Oct 1, 2007

Thinking About Hyundai

I have to say I'm really digging the new Hyundai campaign via San Francisco-based Goodby, Silverstein (can't assume everyone reading this is a creative anymore).

There are the TV spots above, the very nicely done website, and smart print ads with lines like “Shouldn’t a car have more air bags than cupholders?” and "Are car companies committed to quality, or to the phrase ‘committed to quality’?”

And while I really like the campaign on its own merits, it also gets Toad's Right Ads @ The Right Time Award.

Let me explain: 5 years ago, this campaign would have been laughable. Hyundais were crappy cars made in Korea and no one could pronounce the name of the company (and as Bill "Make The Logo Bigger" Green and JetPacks have pointed out, the logo sucks.)

But lately I've been hearing a lot of positive buzz about Hyundai. And I'm by no means a car guy. Various auto publications have liked Hyundai's cars better than the more expensive Japanese imports. Plus I'm definitely starting to see more of them-- the Santa Fe SUV in particular-- on the leafy, sun-dappled streets of my upscale burb.

Given all the positive buzz, the time seems perfect for a campaign like this, a campaign designed to move Hyundai into the space Volvo used to own (before they decided to try and become the Swedish Mercedes) and that Subaru kind of owns: the smart, safe car for people who could spend a lot of money on a car but choose not to. An anti-status symbol of sorts.

This is a perfect case study of how advertising can help build on buzz, rather than the other way around. Because the buzz here is authentic, e.g. the only thing Hyundai did to create it was to make better cars. And so the advertising can reinforce the buzz because it's based on truth, not smoke and mirrors.
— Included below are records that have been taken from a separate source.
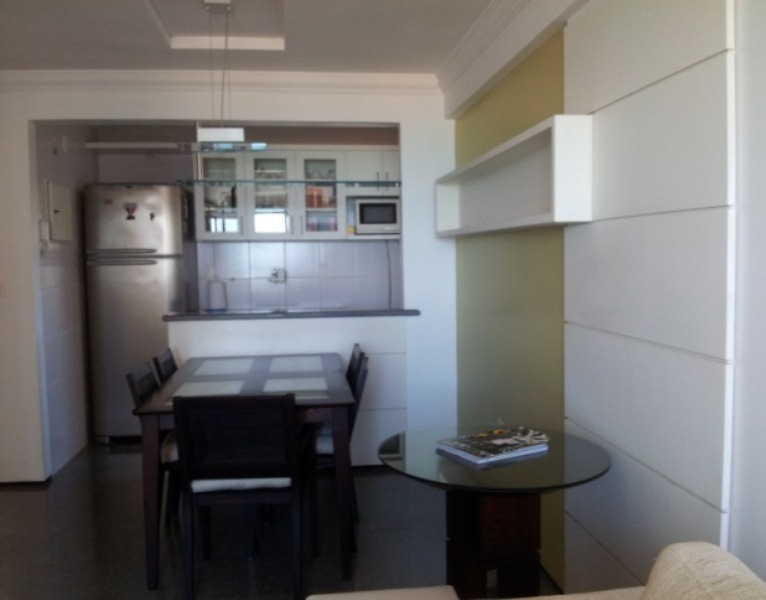 Excelente apartamento vista mar com 60m², divido em 02 quartos, gabinete, wc social, cozinha americana, área e wc de serviço, Projetado.
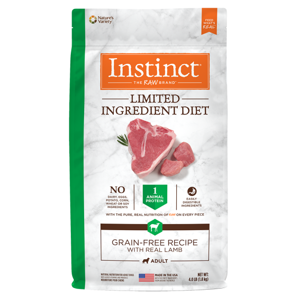 When your dog has food sensitivities, knowing exactly what's in their food is important. Instinct LID Grain Free Recipe with Real Lamb is made with one animal protein and one vegetable. Grass-fed lamb is a nutrient rich, easily digestible protein that provides all the essential amino acids. Natural Omegas and antioxidants support healthy skin & coat and immune system. With pure, real raw nutrition on every piece, Instinct LID Grain Free contains no grain, dairy, eggs, chicken, beef, fish, sweet potato, potato, chickpeas, corn, wheat, soy, artificial colors or preservatives.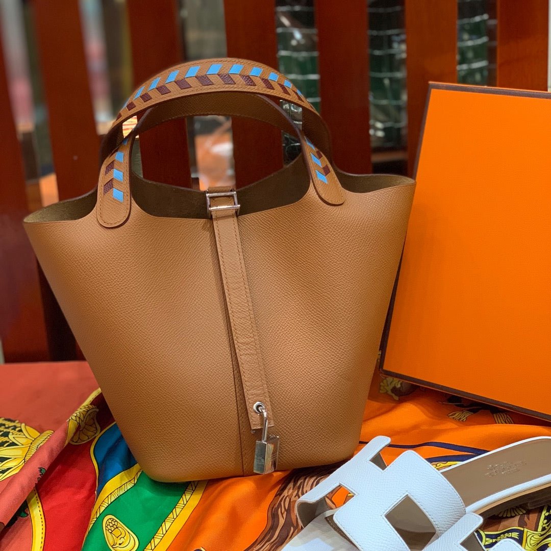 HM PICOTIN LOCK 22 COPPER EPSOM WITH BRAID STRAP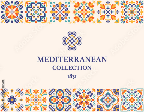 Label, card or banner template with azulejo mosaic tile pattern, blue, turquoise, yellow colors, floral motifs. Mediterranean, Portuguese traditional vintage style. Vector illustration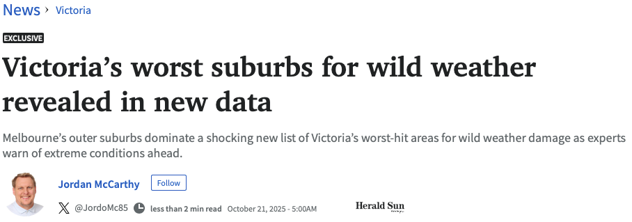 保险公司AAMI近日公布了该州在过去三年中受极端天气影响最严重的地区。

Advertising. It's not rocket science ;)

(Side note: speaking of cars on the leafy, sun dappled streets of my upscale burb, I've noticed a dramatic increase lately in the number of Range Rovers. My suspicion is that this is largely due to the fact that Range Rover is the only luxury car brand that doesn't also have an undistinguised $28K model (yes, I know, but it's called a Land Rover, not a Range Rover.) That, and the Range Rover has a very noticeable shape which immediately lets people know you're the sort of person who can spend $80K on a car.)